Erst langsam dringen Wissenschaftler in große Tiefen vor und entdecken dabei fast täglich neue Arten. Wegen des hohen Drucks sind hochspezialisierte Roboter und Messgeräte nötig, um diese für Erdbewohner tödlichen Lebensräume zu erkunden. Fast 90 Prozent der Tiere, die Wissenschaftler aus der Tiefe hochziehen, sind neue Arten, viele davon bizarr anmutend. 500 neue Arten seien inzwischen wissenschaftlich beschrieben, "aber wir haben tausende gefangen, wir kommen nicht hinterher", sagte Martínez.
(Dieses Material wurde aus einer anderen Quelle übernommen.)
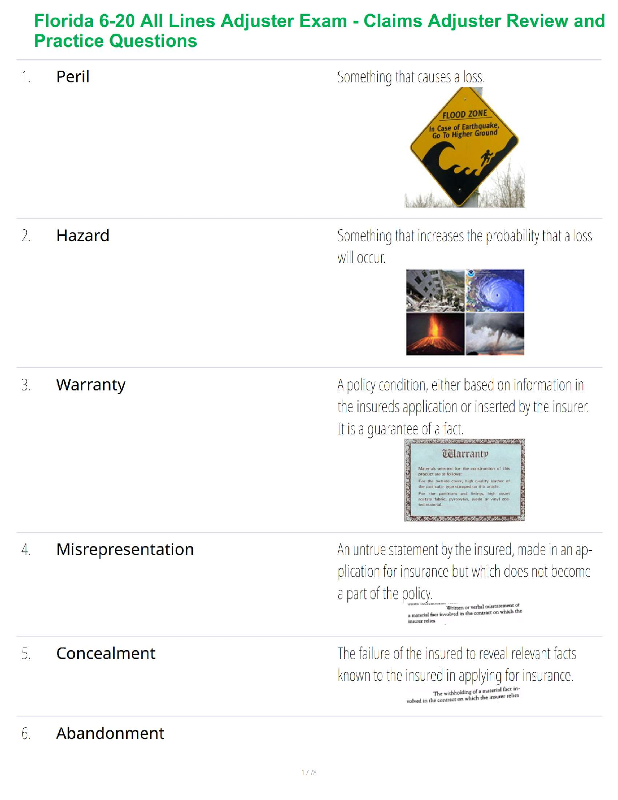 Insurance Studies > STUDY GUIDE > Florida 6-20 All Lines Adjuster Exam - Claims Adjuster Review and Practice Questions
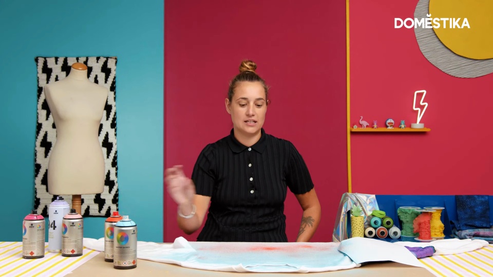 The distance between the spray and the garment will determine the strength of the color. The same goes for how long you spray. Plan what effect you are looking for and use the normal nozzle for a more homogeneous color. If you only want to create softer hue, move the spray can away from the garment as much as possible.
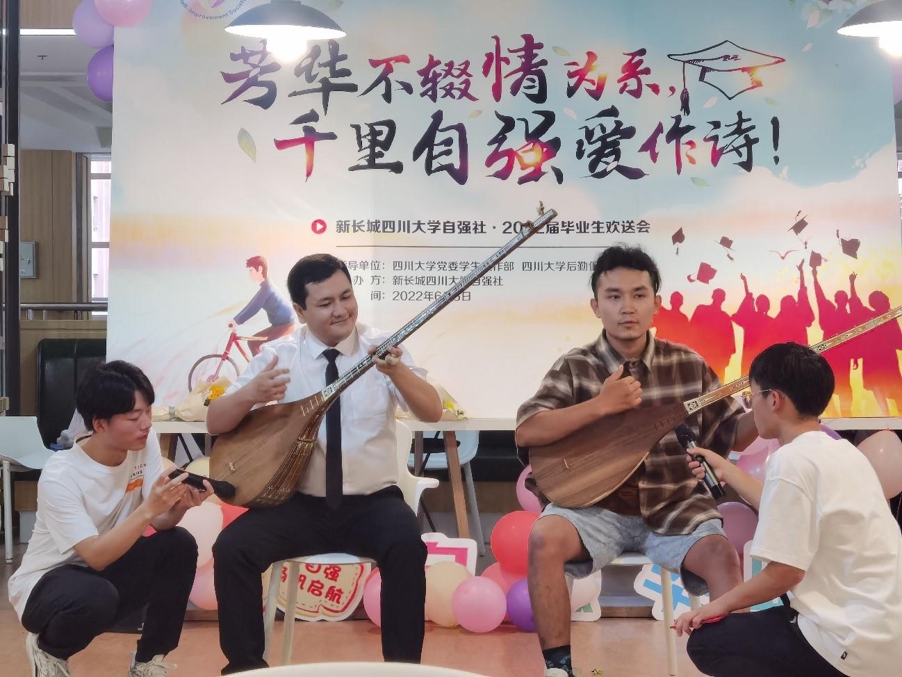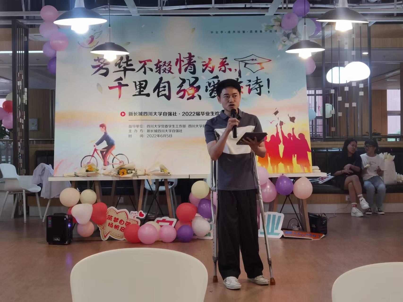“无论你来自何方,无论你来自哪乡,走进了自强,你就能骄傲地为明天歌唱……”欢送会在响亮《自强之歌》中拉开帷幕。社长肖威搏祝福毕业生,更加硬气、更有底气、脚踏实地,走好每一步,成为自己的“主人公”,并以一首《岁月》献给毕业生;本科毕业于川大、研究生毕业于川音的王京茂则以一曲深情地《大山走出的孩子》感恩学校的培育;社团第十三届社长金青春作为毕业生代表分享了自己在社团经历的那些感动的瞬间,感恩那段温暖的成长之路;毕业生伊克拉木和买买提弹起都塔尔,以一曲热情洋溢的《麦西来普》祝福毕业的每一位同学……一首原创诗歌朗诵《永远的自强》让同学们忆起短短数年那些可圈可点的川大时日。社长团传统的尬舞也是嗨翻全场。

"Wir haben Erstaunliches gefunden"

In der Tiefsee stoßen die Forscher auch auf ganz spezielle Lebensräume, etwa "schwarze Raucher", das sind heiße Thermalquellen, in deren Umgebung hoch spezialisierte Bakterien und meterlange Würmer in Gemeinschaft zusammenleben. Unter der Meeresoberfläche finden sich auch mehrere tausend Meter hohe Seegebirge und bis zu 35 Kilometer lange Kaltwasser-Korallenriffe. "Wir haben Erstaunliches gefunden", sagt Prof. Antje Boetius von der Universität Bremen. Anders als im Tierreich werde die Vielfalt der Bakterien in Polargebieten zum Beispiel größer. Ihre Funktionen seien noch unbekannt.

Für die Bestimmung der neuen Spezies haben die Forscher des "Census of Marine Life" verschiedene Methoden neu oder weiterentwickelt. Eine davon ist das so genannte "Species Barcoding", eine Methode, mit der noch an Bord der Forschungsschiffe aus der DNA eines Meeresbewohners eine unverkennbare Sequenz ermittelt wird. So können Forscher schnell ermitteln, ob sie es mit einer bekannten oder noch unbekannten Spezies zu tun haben.

Das pralle Leben in den Meeren zeigt der Dokumentarfilm "Unsere Ozeane", der in der kommenden Woche in die Kinos kommt. Tanzende Quallen, riesige Fischschwärme, anmutige Wale und elegante Rochen sind in atemberaubenden Aufnahmen zu sehen. Vier Jahre lang haben Jacques Perrin und Jacques Cluzaud, die 2001 "Nomaden der Lüfte - Geheimnis der Zugvögel" drehten, das Leben in und an den Weltmeeren beobachtet.